Facing challenges such as gravitational singularities and regarding a theory of everything, numerous scientists ever since put effort into quantum gravity. Six decades of controversial research followed, yielding a variety of ansatzes such as string theory and loop quantum gravity (LQG), with some promising results, but still awaiting a major breakthrough. The quantization of gravity thus was proposed in the very beginning of general relativity, but many decades and thousands of studies later we still are struggling for a cogent solution.

A key advance with regard to quantum gravity would be the discovery of the hypothetical gravitons. According to Rothman and Boughn [9], however, the graviton energy would be so small that it might be impossible to detect. Nevertheless, Quach [10] proposed a theory involving a gravitational Casimir effect due to the non-zero vacuum energy. Yet, experiments failed to establish it [11]. Advanced LIGO observations applied kinematic methods to gravitational waves and found that $\hslash \omega$ gravitons must be excluded [12]. Carney et al. [13] gave an overview of promising laboratory experiments to detect gravitons, but they still are in the stage of thought experiments. Bose et al. [14], for example, suggested correlation measurements of spin entanglement, and Pitelli and Perche [15] proposed a detector based on angular momentum. Yet none of these experiments have been implemented yet. The past 20 years thus yielded various suggestions for experimental arrangements but no astronomical evidence.
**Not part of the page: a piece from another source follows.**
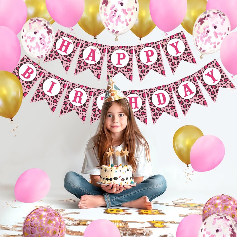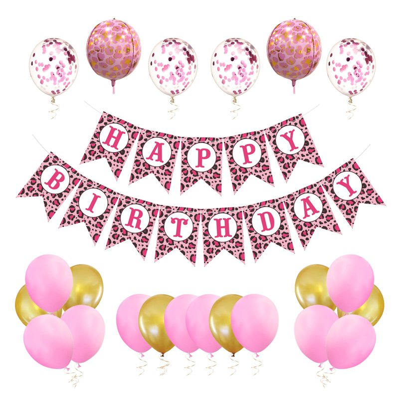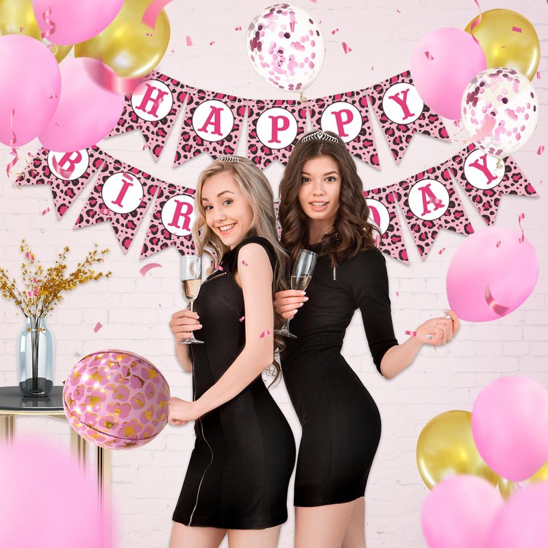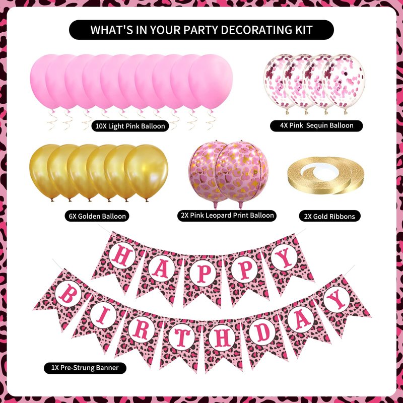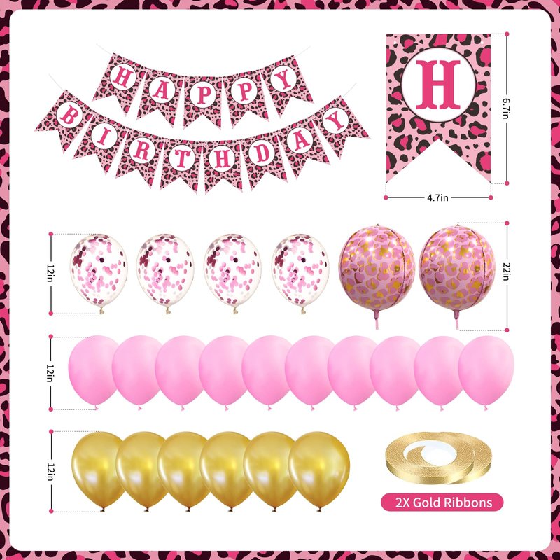 - Set of 25 Pieces: Our decoration set includes 1 happy birthday banner,2 round pink leopard foil balloons,10 pink balloons,6 gold balloons,4 pink confetti latex balloons and 2 gold ribbons to ensure that your party is fully decorated and complete.
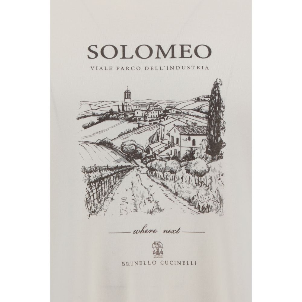 Cotton T-Shirt by Brunello Cucinelli, featuring ribbed crew neck, maxi print with contrasting iconic brand monogram detail at front, monochrome pattern, regular fit.

Hence, quantum gravity remains a mystery, even after more than a century of struggles by thousands of renowned scientists, be it from the viewpoint of quantum theory, by turning Einstein’s equations into an operator form, or by astronomical evidence. Furthermore, general relativity only describes how masses curve the space-time. But, we know nothing about an interaction between mass and geometry.

The former approaches all suffer from the same conceptual weakness. The indications are strong that quantum theory by itself on principle cannot quantize gravitation. We need a completely different approach. The present study starts out from a fundamental irreconcilability of quantum theory and general relativity, known as the ‘problem of time in quantum gravity’. Quantum theory on the one hand requires a continuous background time parameter to describe particle motion and field interactions. General relativity on the other hand postulates strict background independence and only allows for a proper time depending on the standpoint and the state of motion.

Quantum gravity must consolidate this discrepancy. We approach the ‘problem of time’ from a meta-level and elaborate a quantum gravity theory which is verified by observations and in addition provides a physical interrelation which determines how and why masses curve the space-time geometry.

2 Methods

We start out in Section 3 by introducing LQG as the basis of Higgs quantum gravity. In Section 4 we address the ‘problem of time’, which severely limits all associated efforts and cannot be solved by quantum theory alone. The Higgs gravity network presented in Section 5 approaches the problem from a meta-level and results in a space-time lattice oscillating as an $SU(2)$ field with an energy potential of a Planck energy per space-time quantum. Section 6 describes the modified Higgs mechanism that receives its energy from the corresponding Higgs-Planck potential, while preserving the mass generation of the standard model. In Section 7 we relate the Higgs-Planck potential to the energy potential available in the links of the Higgs gravity space-time network. The energy drain by the modified Higgs mechanism curves the local space-time quanta according to the line element associated with a single particle. Linear combination of space-time quanta yields the line element due to macroscopic masses. In spherical symmetry the Schwarzschild solution results. The discussion in Section 8 resumes the analogies used and illuminates how these findings can be transformed to the Kerr solution for rotating masses. Higgs quantum gravity combines two quantum theories to solve at one stroke two key problems of a century. It quantizes general relativity, while at the same time explaining the interrelationship of mass generation and space-time curvature.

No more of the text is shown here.